The North Pole must therefore be located at the center of the fourth tetrahedral surface, which is bounded by an equilateral triangle whose sides may roughly be paralleled by lines drawn from central Alaska to the ridge of the Greenland ice-cap, and from these points to somewhere near the center of the Gulf of Obi at the northern end of the Ural Range in western Siberia. Of course the actual triangle we imagine lies in a more southern latitude. But for the purpose of this discussion bounding points within the arctic regions are more elucidating. Finally Peary's soundings near the Pole gave a depth of about 1500 fathoms, which is not far from the elevation of the south Polar Plateau (11,000 feet), or the average altitudes at or near the apices in Alaska, Greenland, and Siberia.
Hence the geologists and physiographists concluded that the Polar Sea would prove to be a vast basin analogous to our other ocean areas and sloping only very gradually to the continental shelves which bound it. Contributing to this belief is the fact that Sverdrup reported the Grant Land earth folds grew gradually less sharp near the coast, while the shelving plains of the North American Barren Lands and the Siberian steppes completed the testimony.

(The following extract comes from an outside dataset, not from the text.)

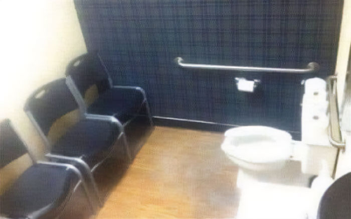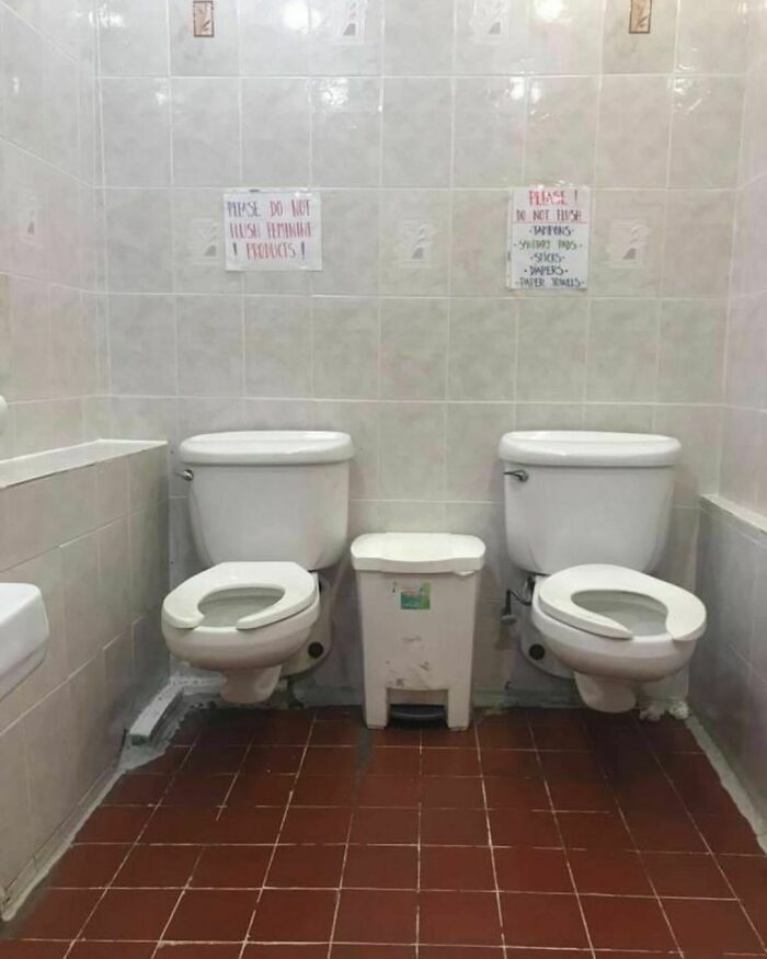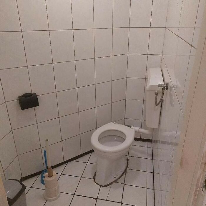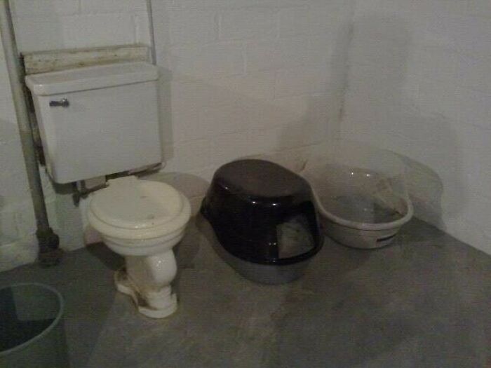Where's the design fail? This is clearly a basement bathroom with a couple of kitty litter boxes

So it carne about that the Crocker Land Expedition was based upon a controversy, the eyes of the traveller pitted against the theories of the scientists. And, as I write, there remain among those who ponder upon such obscurities much cause for mystification. MacMillan and I penetrated the Polar Sea well beyond the point marked land by Peary, and found only a white desolation of tide-ruptured ice. Yet, upon our return, we too saw from the heights of the northernmost cape a land, or something so like land, that had we not been out we too should have come back certain of its existence.

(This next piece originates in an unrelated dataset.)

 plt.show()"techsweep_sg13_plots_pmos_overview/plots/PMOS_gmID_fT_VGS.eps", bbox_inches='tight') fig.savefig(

But .most tempting of all, at least to me, still remains: Within the inception of the expedition lay embedded a legend of the Eskimos which described a distant oasis inhabited by their own race. So perfect was this spot, say they, in its abundance of game and sunlight that he who settled there whether from fortune or design, never returned. The bliss of endless seasons and easy plenty at once cleared memory of mother and wife and even children—the Eskimo's most loved possession. Thus were accounted for those who went away into the night and stayed. To be sure there were the Klavitogs, spirits of the Inland Ice; those whom the blizzard and the darkness slew; many and many the whispering invisible shadows of the glaciers; and by almost every blue-black berg of the long silent night dwelt some ghostly relic of one who had been swallowed up by the particular demon of that spot. But there were always some inexplicably absent who had departed with deceit and through many seasons had retained their silence. These missing members of the tribe might well be found in such an isolated spot as the one we sought. While the younger hunters reiterated no, the older Angekogs (Medicine Men) agreed upon a common acceptance of the truth that the land was really nearer than many could guess.

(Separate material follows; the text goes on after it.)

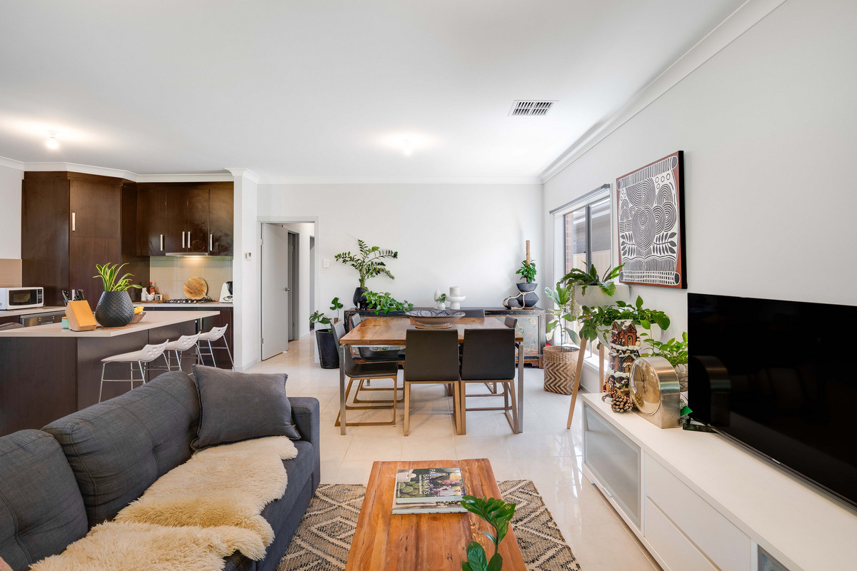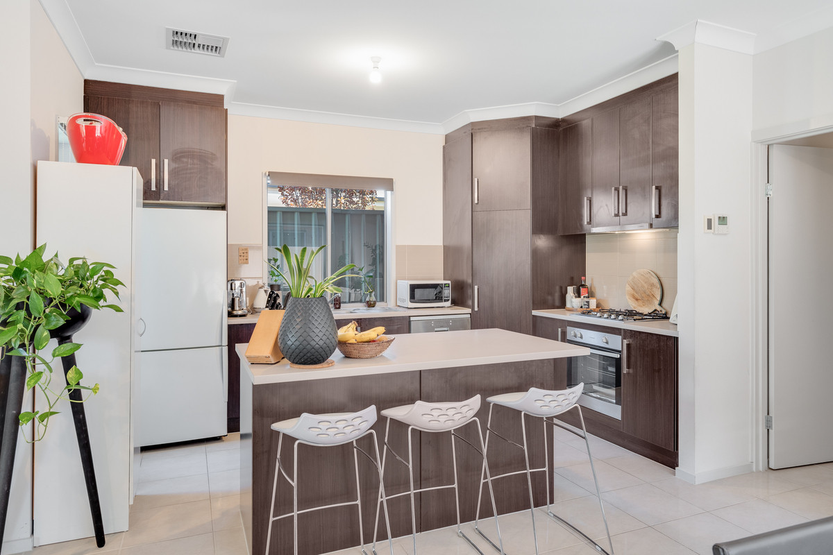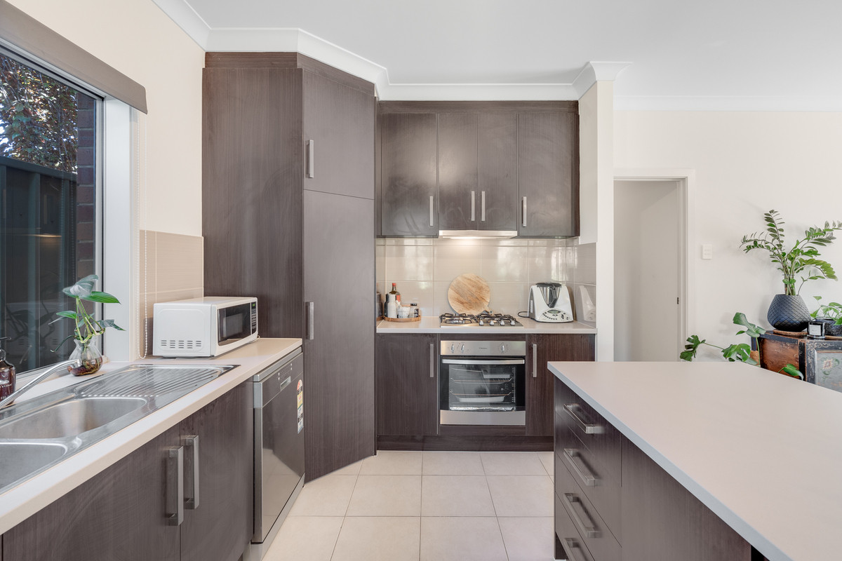 The modern, bricked facade sets the tone as you step inside, where a hallway leads you into the heart of the home. Here, the open-plan kitchen, living, and dining areas combine into a spacious and welcoming hub. The kitchen features stylish dark cabinetry, ample storage, a tiled backsplash, breakfast bar and sleek stainless steel appliances, including a gas cooktop.

Our white Angekogs also said "no," and spun a putty ball to prove their contention. Finally though, there set eyes upon the distant shores a sailorman, a breed as you well may know with none of the barbarian's narrow mysticism, and yet possessing imagination which in the gelid scientist is too often atrophied. Nearly twenty years after his first reconnaissance upon the Greenland Ice Cap, Peary gave us this problem in concrete form.
I cannot give the full debate which covered a period of several years before we left. It is interesting to note that Capt. Kellett and others sailing north of Alaska had long before reported land to the northward. Dr. R. A. Harris, tidal expert of the U. S. Coast and Geodetic Survey, published in the National Geographic Magazine of June, 1904, his study of tides, winds, ice conditions and ocean temperatures. He showed that movement of tides and currents across the top of the world from the Franz Joseph archipelago and Spitzbergen to Bering Strait along Alaska is mysteriously retarded. He argued that the only solution was Crocker Land.
But I liked the legend best. Let sages shake their dice box of facts and figures and roll a loaded combination to their own .gain. The game which I would play is lose-all win-all and men at the board. What if the Polar Sea were ice afloat and the bottom a thousand fathoms down? Land had been seen. Cold could not mar the dream. Volcanic ashes have fallen in Greenland; the Aleutians are buried furnaces. If there be an ice-cooled desert why not a steam-heated Polar Paradise? Find your Jules Verne and follow me to the center of the earth through the Iceland crater!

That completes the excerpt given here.